The whole paper is a 150-page deconstruction of the flaws in the standard model of risk and return as promulgated by academics. The two startling conclusions are that 1) people care only about relative wealth and that 2) risk is simply a deviation from what everyone else is doing.
This is a much more behavioral interpretation of how markets operate than the standard risk-and-return tradeoff assumptions. After many years in the investment management industry dealing with real clients, I’ve got to say that Mr. Falkenstein re-interpretation has a lot going for it. It explains many of the anomalies that the standard model cannot, and it comports well with how real clients often act in relation to the market.
In terms of practical implications for client management, a few things occur to me.

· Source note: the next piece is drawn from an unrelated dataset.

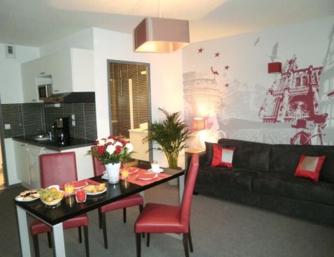 Sleeps up to 4, approx. 33-36m², living area sleeps 2, bedroom sleeping 2. Kitchenette with ceramic hob, microwave and dishwasher, air-conditioning, internet access, TV (may only have French channels), bathroom.\n\n LA RESIDENCE The STRASBOURG CITY aparthotel is located in Strasbourg's city centre, and is 5 minutes walk from the train station annd the tramway. The residence is 15 minutes from the 16th century "Petite France" area of the city, famed for its quaint narrow streets and half-timbered houses, and is 20 minutes walk from Strasbourg's impressive gothic cathedral (the second tallest in France after Rouen). This 7 storey residence (with lift) is made up of 98 apartments, and the high-standard accommodation and ideal location make the Lagrange City apartments a great option for anyone looking for accommodation in Strasbourg. For more information on this property, or on other properties available, call our UK reservations team. FREE OF CHARGE Indoor heated swimming pool Fitness room Left-luggage facility Beds made on arrival and towels provided End of stay cleaning (excluding kitchenette) WiFi access in apartments PAYABLE SERVICES Sauna and steam room: 8 euros/30 minute session/apartment Breakfast room: breakfast - 9 euros/adult, 5 euros/child aged 3-10 years Mid-stay cleaning on request (excluding washing up and cleaning of kitchenette) - 25 to 50 euros Laundry room Cleaning kit - 5 euros Cot or high chair hire for children under 2 years 5 euros/day, 15 euros/stay each; baby kit hire (cot and high chair) 7 euros/day, 25 euros/stay (all subject to availability, state at time of booking and pay locally) PRACTICAL INFORMATION State at time of booking and pay locally when required Underground parking 10 euros/night; 60 euros/week (subject to availability) TV free of charge (may only have French channels) Pets 7 euros/pet/night (2 max./apartment) CE PRIX COMPREND ET NE COMPREND PAS PRICES DO NOT INCLUDE: Security deposit (credit card imprint, exact amount subject to length of stay), local tourist tax. LOCATION With its gothic cathedral and historic old town existing along side more modern EU institutions, Strasbourg is one of Europe's most beautiful and interesting cities. Thanks to this richness of heritage and culture, the heart of Strasbourg has been classed as a UNESCO world heritage site and it is easy to see why. Strasbourg's status as the "capital of Europe" has given the city a fresh importance and the new, contemporary architecture of the European Parliament and the European Court of Human Rights compliment the city's historic churches and pituresque 16th century districts teaming with wateways and quaint half-timbered houses. OTHER ACTIVITIES Strasbourg is a city with a rich and varied culture, offering a wide range of museums and art galleries for culture vultures to explore, as well as scenic parks and gardens for anyone who prefers to simply soak up the atmosphere. Visitors can also tour the European Parliament, the gothic Notre-Dame Cathederal and the narrow streets of the Petite France area of the city. For anyone who enjoys a more relaxed approach to sightseeing, boat tours of Strasbourg can be pre-booked through the Tourist Office. The city also has a great range of cafes, bars, restaurants and shops to suit all budgets. PRACTICAL INFORMATION The Lagrange City apartments are located just 5 minutes walk from Strasbourg train station, so travelling to the property by train is an easy and environmentally-friendly option. Lagrange can create accommodation and rail travel packages, as well as great value self-drive packages for anyone who may be hoping to use the Lagrange City residence as a base to explore the Alsace region. All information provided here is intended for guidance only. For more detailed, up to date information, please contact local tourist information services.

- Psychologists will tell you that clients respond more visually and emotionally than mathematically. Therefore, it may be more useful to motivate clients emotionally by showing them how saving money and managing their portfolio intelligently is allowing them to climb in wealth and status relative to their peers, especially if this information is presented visually.
- Eliminating market-related benchmarks from client reports (i.e., the reference to what everyone else is doing) might allow the client to focus just on the growth of their relative wealth, rather than worrying about risk in Falkenstein’s sense of deviation from the norm. (In fact, the further one gets from the market benchmark, the better performance is likely to be, according to studies on active share.) If any benchmark is used at all, maybe it should be related to the wealth levels of the peer group to motivate the client to strive for higher status and greater wealth.
I’m sure there is a lot more to be gleaned from this paper and I’m looking forward to having time to read it again.